▶ [SOURCE DATA]:
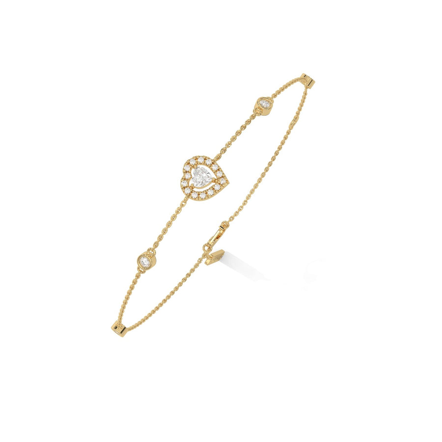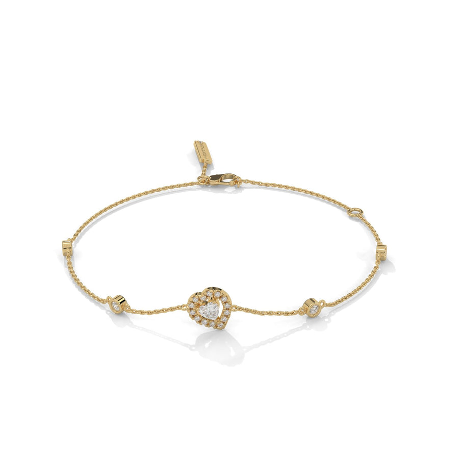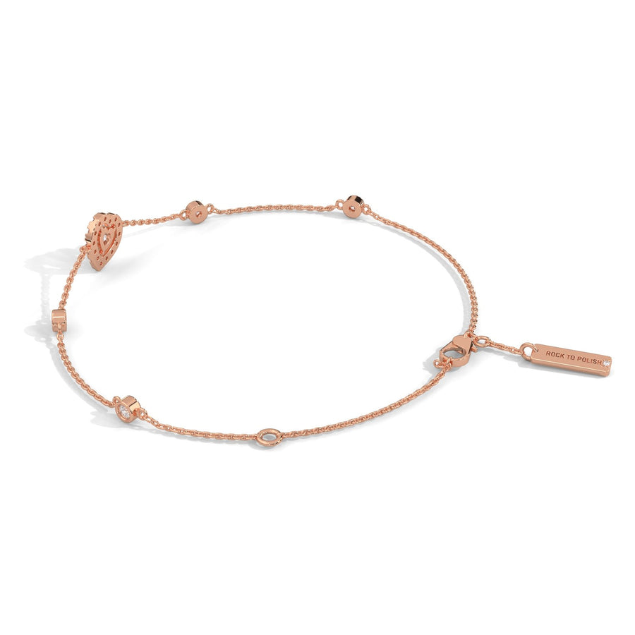 The Heart Bezel Set Diamond Bracelet features a delicate design with sparkling heart-shaped diamonds set in bezel settings. Crafted in 14KT gold, this bracelet brings a blend of romance and elegance to your jewelry collection. The heart-shaped diamonds add a charming and sentimental touch, making it a perfect gift for someone special or a luxurious treat for yourself. With its refined design and timeless appeal, this bracelet is ideal for both daily wear and special occasions, offering a beautiful balance of simplicity and sophistication.
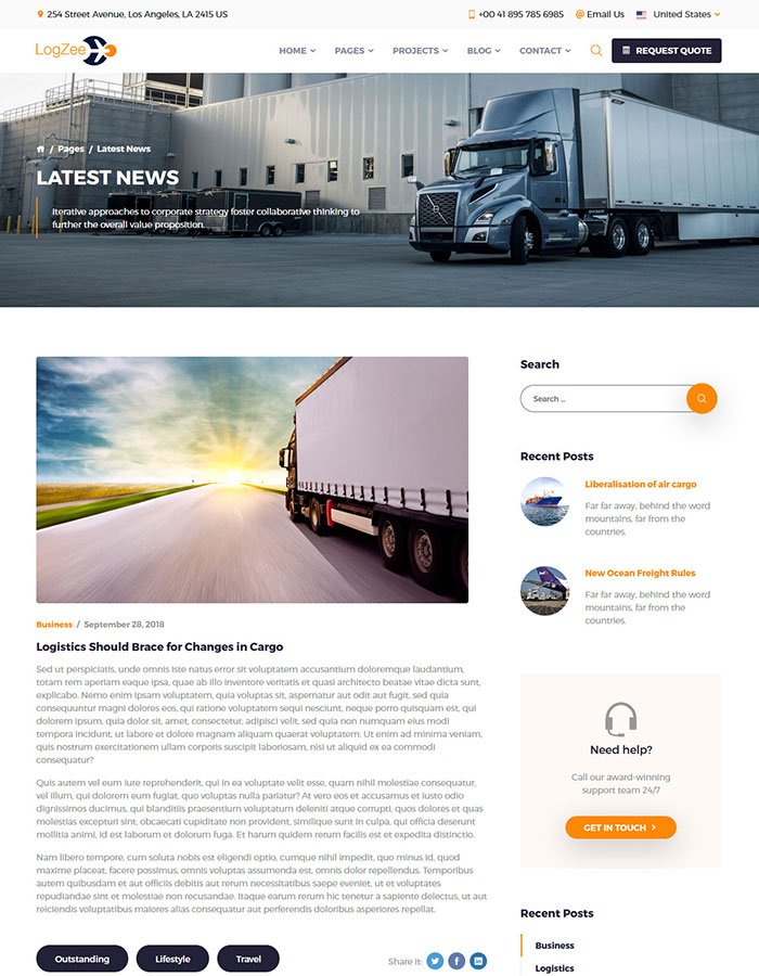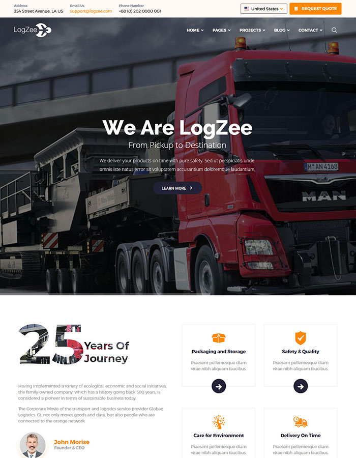 Logzee, a customized and responsive HTML template for transport, logistics, delivery, moving & cargo websites. The best of all features, the pages are optimized for Load Speed and are “B” grade tested on GTmetrix.com. Wait! this is not all, the template also contains ultimate shortcode resource which gives you freedom to create any new page with high interactive features from scratch. It is focused on building business websites in the Transport, Transportation, Logistic company niches.
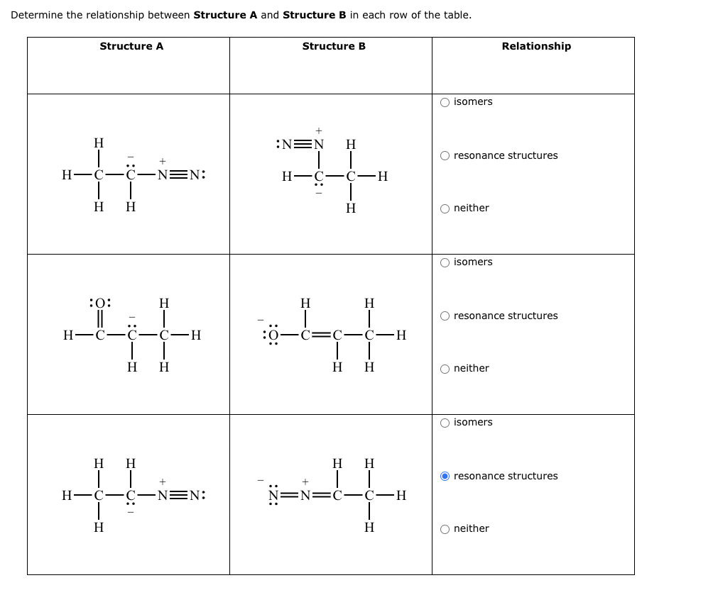 (Solved): Determine the relationship between Structure A and Structure B in each row of the table. ...

▶ [PROBLEM TO WORK ON]: Reproduce, unchanged, each line between the one with "Logzee, a customized" and the last line of the material, both included; the pictures do not go in.

▶ [RESPONSE TO THE TASK]:
 Logzee, a customized and responsive HTML template for transport, logistics, delivery, moving & cargo websites. The best of all features, the pages are optimized for Load Speed and are “B” grade tested on GTmetrix.com. Wait! this is not all, the template also contains ultimate shortcode resource which gives you freedom to create any new page with high interactive features from scratch. It is focused on building business websites in the Transport, Transportation, Logistic company niches.
 (Solved): Determine the relationship between Structure A and Structure B in each row of the table. ...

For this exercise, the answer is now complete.